--- WORK ITEM ---
The required answer is every line of the data containing the word "nicht".

--- RECORDS FOR THE TASK ---
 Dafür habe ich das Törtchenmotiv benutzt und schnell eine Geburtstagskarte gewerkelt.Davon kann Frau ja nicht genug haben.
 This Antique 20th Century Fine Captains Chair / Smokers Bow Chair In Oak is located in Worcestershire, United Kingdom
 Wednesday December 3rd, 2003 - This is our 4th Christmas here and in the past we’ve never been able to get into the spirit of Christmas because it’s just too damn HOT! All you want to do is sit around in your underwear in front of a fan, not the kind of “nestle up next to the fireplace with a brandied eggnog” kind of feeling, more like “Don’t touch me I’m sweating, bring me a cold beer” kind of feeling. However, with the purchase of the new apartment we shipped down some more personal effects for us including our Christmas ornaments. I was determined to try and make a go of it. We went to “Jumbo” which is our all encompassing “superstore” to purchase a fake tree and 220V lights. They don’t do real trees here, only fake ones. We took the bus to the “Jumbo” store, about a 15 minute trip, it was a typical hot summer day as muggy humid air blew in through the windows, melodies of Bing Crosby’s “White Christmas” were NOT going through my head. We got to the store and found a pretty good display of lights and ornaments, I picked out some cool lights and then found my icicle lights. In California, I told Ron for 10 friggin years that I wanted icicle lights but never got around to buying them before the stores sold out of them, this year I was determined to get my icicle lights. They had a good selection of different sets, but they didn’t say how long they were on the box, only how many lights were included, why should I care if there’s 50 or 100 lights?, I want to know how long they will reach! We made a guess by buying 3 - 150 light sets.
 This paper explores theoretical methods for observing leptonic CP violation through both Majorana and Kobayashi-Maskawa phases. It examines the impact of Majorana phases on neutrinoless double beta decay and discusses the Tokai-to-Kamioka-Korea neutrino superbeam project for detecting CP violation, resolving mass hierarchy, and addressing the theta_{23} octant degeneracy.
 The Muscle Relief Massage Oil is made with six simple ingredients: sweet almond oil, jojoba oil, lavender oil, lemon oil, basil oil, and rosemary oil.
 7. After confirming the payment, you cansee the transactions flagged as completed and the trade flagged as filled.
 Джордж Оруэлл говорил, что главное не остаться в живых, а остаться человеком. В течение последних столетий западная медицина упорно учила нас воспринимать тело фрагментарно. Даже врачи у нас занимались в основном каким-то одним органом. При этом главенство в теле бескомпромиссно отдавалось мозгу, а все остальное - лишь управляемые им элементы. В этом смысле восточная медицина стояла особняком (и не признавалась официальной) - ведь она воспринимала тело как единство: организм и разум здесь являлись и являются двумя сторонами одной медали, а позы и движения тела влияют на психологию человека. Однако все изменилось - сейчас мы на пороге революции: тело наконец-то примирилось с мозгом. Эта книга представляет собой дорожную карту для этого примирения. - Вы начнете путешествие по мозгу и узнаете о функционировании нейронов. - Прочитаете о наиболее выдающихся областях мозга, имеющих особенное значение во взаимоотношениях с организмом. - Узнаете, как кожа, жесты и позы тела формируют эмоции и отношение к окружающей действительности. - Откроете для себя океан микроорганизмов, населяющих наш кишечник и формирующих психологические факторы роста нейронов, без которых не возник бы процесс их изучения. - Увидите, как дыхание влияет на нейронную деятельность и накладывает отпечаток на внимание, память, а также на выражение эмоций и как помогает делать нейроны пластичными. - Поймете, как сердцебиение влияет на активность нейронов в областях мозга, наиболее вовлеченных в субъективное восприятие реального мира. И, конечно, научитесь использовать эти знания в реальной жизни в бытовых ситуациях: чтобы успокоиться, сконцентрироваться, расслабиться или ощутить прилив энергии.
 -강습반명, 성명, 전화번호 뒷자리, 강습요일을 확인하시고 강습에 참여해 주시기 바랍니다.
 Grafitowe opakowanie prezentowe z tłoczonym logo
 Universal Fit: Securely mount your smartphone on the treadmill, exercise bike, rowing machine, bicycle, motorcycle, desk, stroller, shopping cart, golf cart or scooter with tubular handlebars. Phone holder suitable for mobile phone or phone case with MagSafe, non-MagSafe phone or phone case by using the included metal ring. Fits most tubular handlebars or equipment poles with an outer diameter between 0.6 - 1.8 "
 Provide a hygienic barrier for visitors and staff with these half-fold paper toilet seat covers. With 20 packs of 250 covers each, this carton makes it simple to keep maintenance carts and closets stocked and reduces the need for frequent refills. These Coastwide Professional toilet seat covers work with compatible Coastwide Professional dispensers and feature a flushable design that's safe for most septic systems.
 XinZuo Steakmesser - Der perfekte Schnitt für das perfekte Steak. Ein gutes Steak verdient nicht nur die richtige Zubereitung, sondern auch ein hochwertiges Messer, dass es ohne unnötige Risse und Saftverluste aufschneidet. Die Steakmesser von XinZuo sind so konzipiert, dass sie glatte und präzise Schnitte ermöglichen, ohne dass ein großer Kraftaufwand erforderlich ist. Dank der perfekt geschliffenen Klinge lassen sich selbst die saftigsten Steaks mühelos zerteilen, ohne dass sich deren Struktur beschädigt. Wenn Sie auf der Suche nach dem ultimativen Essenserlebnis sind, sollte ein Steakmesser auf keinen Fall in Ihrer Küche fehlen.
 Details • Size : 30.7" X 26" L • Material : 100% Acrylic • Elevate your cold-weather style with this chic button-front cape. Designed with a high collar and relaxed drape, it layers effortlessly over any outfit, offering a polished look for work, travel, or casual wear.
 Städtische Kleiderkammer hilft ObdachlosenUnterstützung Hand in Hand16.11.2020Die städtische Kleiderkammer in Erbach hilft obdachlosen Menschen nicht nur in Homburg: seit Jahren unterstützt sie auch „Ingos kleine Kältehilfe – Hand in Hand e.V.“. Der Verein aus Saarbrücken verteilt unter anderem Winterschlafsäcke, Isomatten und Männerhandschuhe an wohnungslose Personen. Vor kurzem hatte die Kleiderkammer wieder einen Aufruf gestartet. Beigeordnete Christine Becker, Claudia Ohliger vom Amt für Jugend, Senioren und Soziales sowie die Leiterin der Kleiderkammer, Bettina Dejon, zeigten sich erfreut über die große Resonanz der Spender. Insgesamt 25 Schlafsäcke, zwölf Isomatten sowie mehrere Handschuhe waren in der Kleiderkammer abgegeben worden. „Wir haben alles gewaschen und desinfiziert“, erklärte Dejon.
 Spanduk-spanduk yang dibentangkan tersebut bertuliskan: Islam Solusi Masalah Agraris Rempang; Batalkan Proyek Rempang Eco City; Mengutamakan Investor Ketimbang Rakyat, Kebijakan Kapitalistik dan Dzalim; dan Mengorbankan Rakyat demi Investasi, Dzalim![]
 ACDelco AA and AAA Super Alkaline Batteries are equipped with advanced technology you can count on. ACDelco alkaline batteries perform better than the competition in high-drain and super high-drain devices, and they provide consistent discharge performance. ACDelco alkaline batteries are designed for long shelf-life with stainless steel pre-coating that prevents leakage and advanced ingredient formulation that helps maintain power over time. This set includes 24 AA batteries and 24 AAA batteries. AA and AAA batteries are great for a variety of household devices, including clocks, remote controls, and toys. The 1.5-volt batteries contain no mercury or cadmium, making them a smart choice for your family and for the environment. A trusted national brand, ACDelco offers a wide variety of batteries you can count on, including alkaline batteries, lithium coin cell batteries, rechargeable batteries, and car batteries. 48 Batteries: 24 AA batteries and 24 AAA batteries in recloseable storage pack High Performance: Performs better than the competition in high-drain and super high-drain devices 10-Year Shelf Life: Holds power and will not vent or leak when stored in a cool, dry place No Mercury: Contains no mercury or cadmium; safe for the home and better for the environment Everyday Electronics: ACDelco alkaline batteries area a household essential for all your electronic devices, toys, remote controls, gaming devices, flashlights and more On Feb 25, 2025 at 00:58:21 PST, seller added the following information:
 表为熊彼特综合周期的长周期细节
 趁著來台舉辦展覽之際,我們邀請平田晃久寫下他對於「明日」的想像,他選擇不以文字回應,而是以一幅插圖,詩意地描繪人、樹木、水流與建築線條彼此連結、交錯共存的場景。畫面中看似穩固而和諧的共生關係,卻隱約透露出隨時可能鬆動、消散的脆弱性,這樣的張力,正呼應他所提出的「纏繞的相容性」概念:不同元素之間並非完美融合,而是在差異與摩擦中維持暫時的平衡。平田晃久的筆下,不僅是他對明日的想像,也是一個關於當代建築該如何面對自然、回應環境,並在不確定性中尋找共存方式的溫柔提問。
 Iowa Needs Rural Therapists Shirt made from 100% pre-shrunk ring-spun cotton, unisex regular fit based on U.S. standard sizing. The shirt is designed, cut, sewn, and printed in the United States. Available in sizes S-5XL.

--- EXPECTED OUTPUT ---
 Dafür habe ich das Törtchenmotiv benutzt und schnell eine Geburtstagskarte gewerkelt.Davon kann Frau ja nicht genug haben.
 XinZuo Steakmesser - Der perfekte Schnitt für das perfekte Steak. Ein gutes Steak verdient nicht nur die richtige Zubereitung, sondern auch ein hochwertiges Messer, dass es ohne unnötige Risse und Saftverluste aufschneidet. Die Steakmesser von XinZuo sind so konzipiert, dass sie glatte und präzise Schnitte ermöglichen, ohne dass ein großer Kraftaufwand erforderlich ist. Dank der perfekt geschliffenen Klinge lassen sich selbst die saftigsten Steaks mühelos zerteilen, ohne dass sich deren Struktur beschädigt. Wenn Sie auf der Suche nach dem ultimativen Essenserlebnis sind, sollte ein Steakmesser auf keinen Fall in Ihrer Küche fehlen.
 Städtische Kleiderkammer hilft ObdachlosenUnterstützung Hand in Hand16.11.2020Die städtische Kleiderkammer in Erbach hilft obdachlosen Menschen nicht nur in Homburg: seit Jahren unterstützt sie auch „Ingos kleine Kältehilfe – Hand in Hand e.V.“. Der Verein aus Saarbrücken verteilt unter anderem Winterschlafsäcke, Isomatten und Männerhandschuhe an wohnungslose Personen. Vor kurzem hatte die Kleiderkammer wieder einen Aufruf gestartet. Beigeordnete Christine Becker, Claudia Ohliger vom Amt für Jugend, Senioren und Soziales sowie die Leiterin der Kleiderkammer, Bettina Dejon, zeigten sich erfreut über die große Resonanz der Spender. Insgesamt 25 Schlafsäcke, zwölf Isomatten sowie mehrere Handschuhe waren in der Kleiderkammer abgegeben worden. „Wir haben alles gewaschen und desinfiziert“, erklärte Dejon.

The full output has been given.